> _Exercise_: Line count for the string "University": give the number of lines in the data below that contain it, and nothing more.

> _Supplied data_:

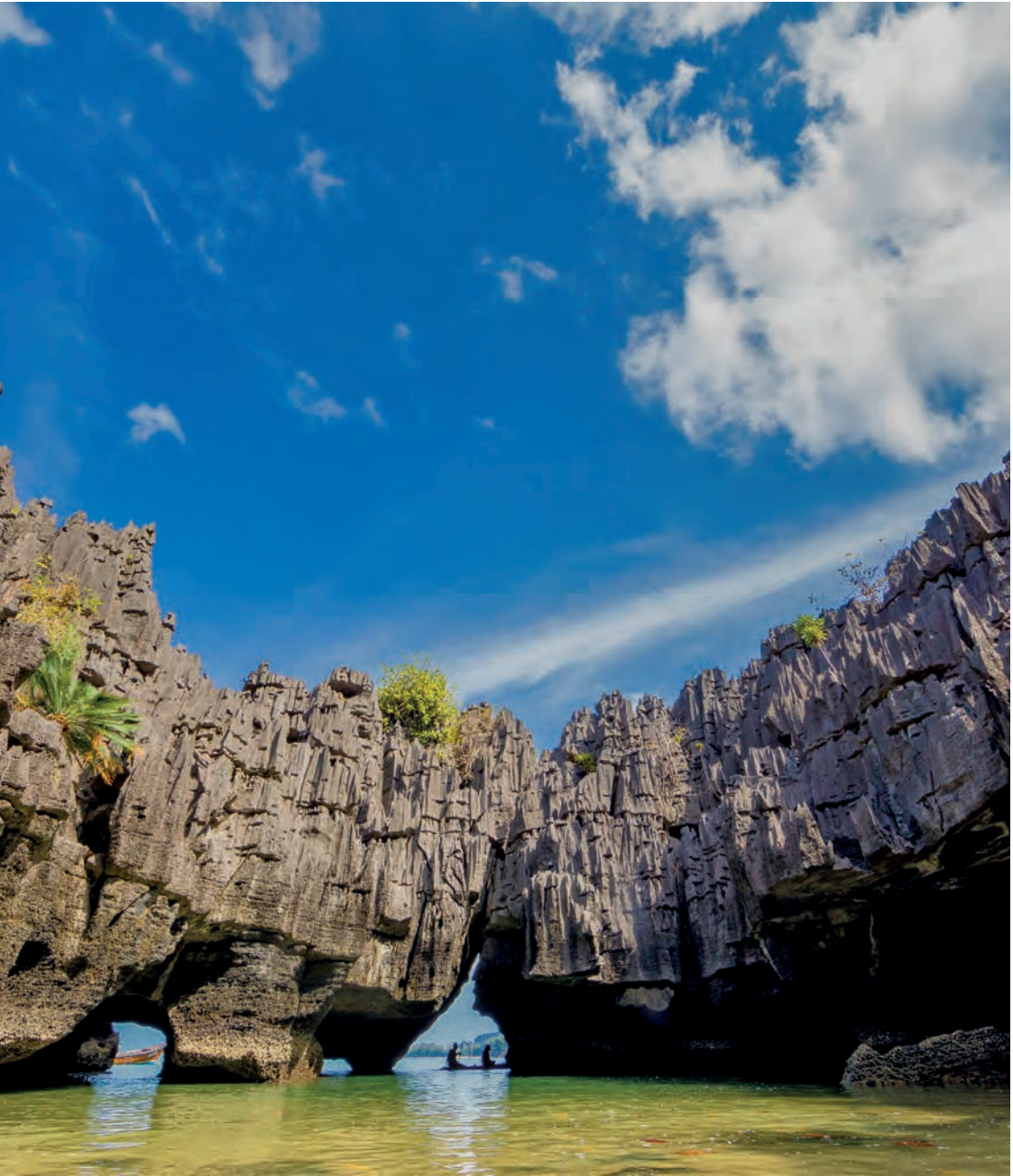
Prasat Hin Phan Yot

==

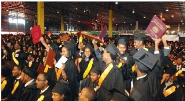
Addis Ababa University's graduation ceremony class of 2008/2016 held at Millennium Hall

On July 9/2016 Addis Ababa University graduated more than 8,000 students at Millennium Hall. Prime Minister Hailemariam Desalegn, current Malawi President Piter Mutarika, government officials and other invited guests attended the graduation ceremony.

> _Answer box_: 2